MLK: If He Were Alive, He'd Be Highly Controversial
Clarence Page, writing in the Chicago Tribune (Jan. 14, 2004):
As Americans prepare once again to take a day off to honor the late Rev. Martin Luther King Jr., I wonder whether America would be as eager to honor him if he were still around. I'm not alone in my wondering.
"Somebody wrote a poem, which said now that he is safely dead, let us praise him," recalled the Rev. Joseph Lowery, one of the leaders who succeeded King as head of the Southern Christian Leadership Conference."For dead men make such convenient heroes. They cannot rise up to challenge the images we fashion for them. Besides it is easier to build a monument than it is to build a movement."
That line comes from"Citizen King," a new documentary that premiers on public broadcast TV stations on Jan. 19 (9 p.m. on WTTW-Ch. 11) and focuses on his last five years before his assassination in 1968.
Those are what I call King's"forgotten years." They tend to receive short mention in most accounts of King's life, since they lack the inspiring, unifying drama of his triumphant trifecta: the 1963 March on Washington, the 1964 Civil Rights Act and the 1965 Voting Rights Act.
Produced by director Orlando Bagwell, a veteran of PBS' award-winning"Eyes on the Prize" documentaries about the civil rights years,"Citizen King" focuses on King the man and the many headaches he encountered later.
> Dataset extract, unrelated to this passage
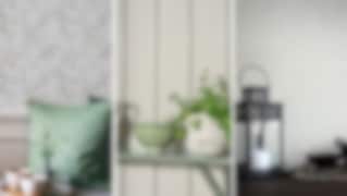 Tapet Trellis passar perfekt ihop med exemeplvis en bröstpanel i köket. Även mycket vacker över hela väggen. Finns i flera kulörer. Köp här.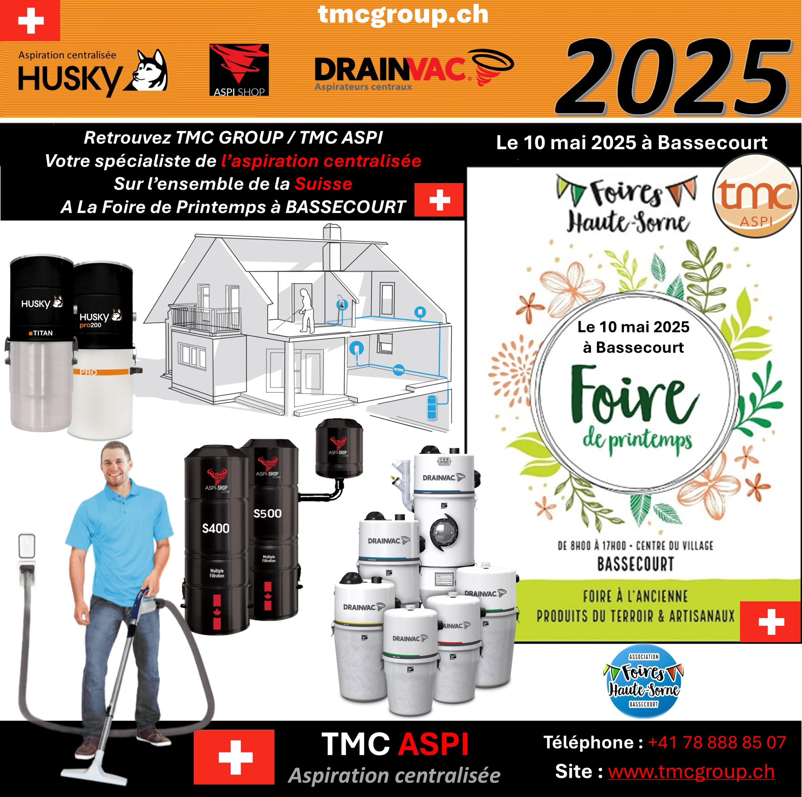 Retrouvez l’équipe TMC ASPI le 10 mai 2025 à la traditionnelle foire de printemps à Bassecourt.

"If America really saw the whole person of King, it would be very difficult for America to embrace him the way America does," according to the Rev. James H. Cone of the Union Theological Seminary. Cone's excellent 1992 book"Martin and Malcolm and America: A Dream or a Nightmare" described how, just as Malcolm X became more moderate in his final years, King grew more militant as he expanded his struggle for equal rights in the South, to demands for open housing, desegregated schools and economic opportunities for poor blacks in the North.